The Bankruptcy Code provides a litany of actions proscribed during the pendency of the automatic stay. Section 362(a) provides in relevant part:
(a) Except as provided in subsection (b) of this section, a petition . . . operates as a stay, applicable to all entities, of
(1) the commencement or continuation, including the issuance or employment of process, of a judicial, administrative, or other action or proceeding against the debtor that was or could have been commenced before the commencement of the case under this title, or to recover a claim against the debtor that arose before the commencement of the case under this title;
. . .
(3) any act to obtain possession of property of the estate or of property from *567 the estate or to exercise control over property of the estate . . .
11 U.S.C. § 362(a).
Both the March 14 and May 1 letters, as well as the reissuance of the capias, leading to the Debtor's arrest and incarceration, fit well within the definitions of those acts precluded by § 362(a)(1) and (3). The Debtor's obligations to pay child support arose by order of the Probate Court. Ms.

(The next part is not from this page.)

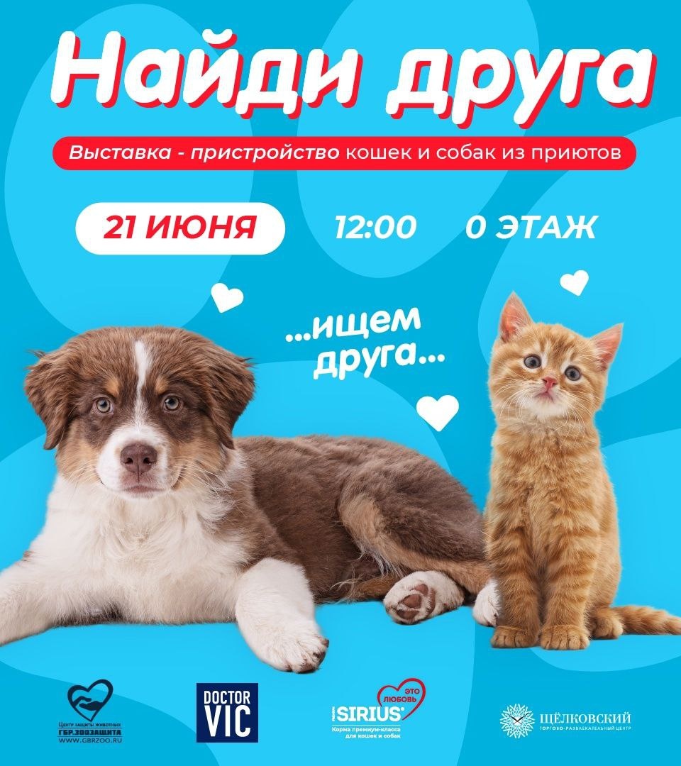 Москва. Московская область. Организатор выставок «Найди друга», Центр защиты животных АНО «ГБР.Зоозащита» приглашает вас на благотворительное, семейное мероприятие 👉выставку - пристройство кошек, котят, щенков и собачек из приютов - «Найди друга» 🥳 Самые красивые, добрые, умные, социализированные кошки, котята, щенки и собачки 🐱🐶будут ждать своих хозяев на выставке в субботу, 21 июня! Все животные здоровы, привиты, прошли ветеринарный контроль и готовы ехать домой ❤(не забудьте свой паспорт) ✅Вход бесплатный. Отдаём котят, щенков, кошек и собачек из приютов в добрые руки бесплатно. ВАЖНО Если вы пока не готовы взять пушистого питомца в дом, вы можете принести мягким лапкам вкусные подарки 🎁, корма, лежанки, игрушки или помочь финансово! В зоне выставки вы найдете корзину добра и копилки. Все средства пойдут на помощь животным из приютов. Хорошее настроение 👌, море позитива и теплые эмоции от общения с добрейшими котиками и пёсиками гарантированы 🤗 Приходите всей семьëй. Для дете

Fennell sought to enforce that Probate Court order first by attempting to attach the Debtor's postpetition wages and then by causing the Debtor to be arrested in order to compel payment of those obligations. Additionally, because in a Chapter 13 case, a debtor's wages earned postpetition are included as property of the estate, 11 U.S.C. § 1306(a)[6], the foregoing actions constituted violations of § 362(a)(3) as well.
Ms. Fennell maintains that her actions were exempted under § 362(b)(2).[7] That argument would have merit were the Debtor in a Chapter 7 case where postpetition earnings are excluded from estate property. 11 U.S.C. § 541(b)(5). However, the exemption does not apply where the Debtor is in Chapter 13. Ms. Fennell also argues that the Support Order and M.G.L.A. c. 119A § 12, vested a property interest in the children, and, therefore, the Debtor's wages, to the extent of the wage assignment, never became property of the estate. That novel theory has no basis either in the language of the statute, the Probate Court Order, or more importantly, the Bankruptcy Code and caselaw.[8]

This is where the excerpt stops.